§ **Aim of the task**:
Starting at the first line of the listing below, retype each line up to and including the one that contains "当サイトではシンワ測定製の1mの大型曲尺にて総外寸を測定しています。". Leave pictures out.

§ **Exercise data**:

⟨

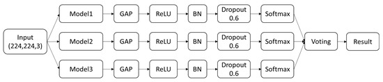 This study builds an ensemble deep learning model based on three pre-trained models, using the voting method. The top three best-performing pre-trained models were selected, followed by the addition of a fully connected layer with a ReLU activation function and a Global Average Pooling (GAP) layer. To avoid overfitting, Batch Normalization (BN) and Dropout layers were added. After obtaining the prediction results from each model for skin lesion classification, a voting process was used to determine the final prediction. The model architecture is illustrated in Figure 2.
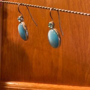 Bought on vacation years ago by my mom. Gorgeous blue tigers eye type stone. Sterling silver. Really stunning on and catches all kinds of light! Not too big and not too small. Really beautiful!
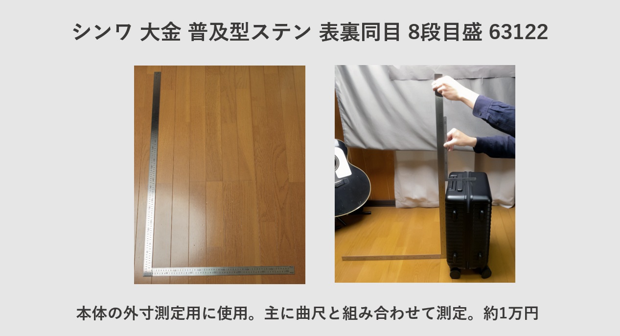 当サイトではシンワ測定製の1mの大型曲尺にて総外寸を測定しています。
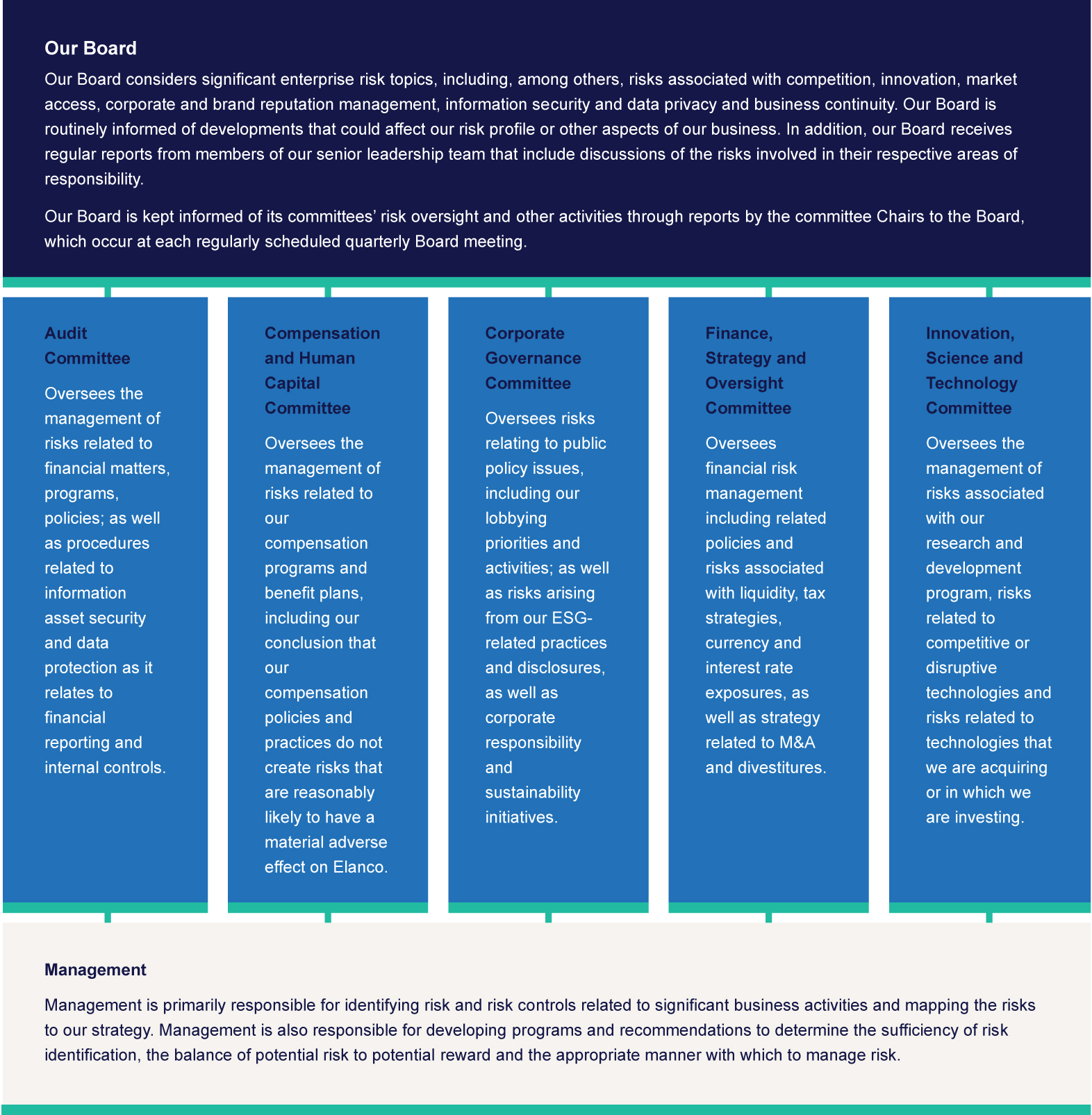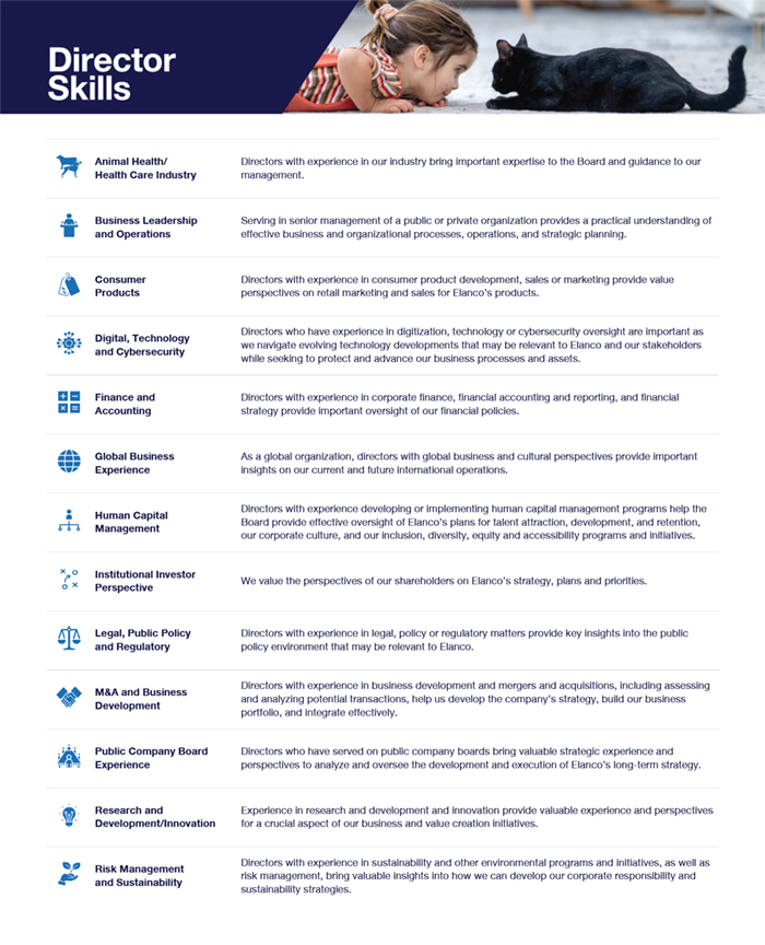 Since Elanco’s launch as an independent company five years ago, the Board of Directors has taken decisive actions to help Elanco mature into a company now positioned to deliver sustainable, profitable growth over the long term. Along with that maturity, the Board and company leadership have enacted and proposed a number of governance enhancements that promote accountability and align with best-practice shareholder expectations.

⟩

§ **Output**:
 This study builds an ensemble deep learning model based on three pre-trained models, using the voting method. The top three best-performing pre-trained models were selected, followed by the addition of a fully connected layer with a ReLU activation function and a Global Average Pooling (GAP) layer. To avoid overfitting, Batch Normalization (BN) and Dropout layers were added. After obtaining the prediction results from each model for skin lesion classification, a voting process was used to determine the final prediction. The model architecture is illustrated in Figure 2.
 Bought on vacation years ago by my mom. Gorgeous blue tigers eye type stone. Sterling silver. Really stunning on and catches all kinds of light! Not too big and not too small. Really beautiful!
 当サイトではシンワ測定製の1mの大型曲尺にて総外寸を測定しています。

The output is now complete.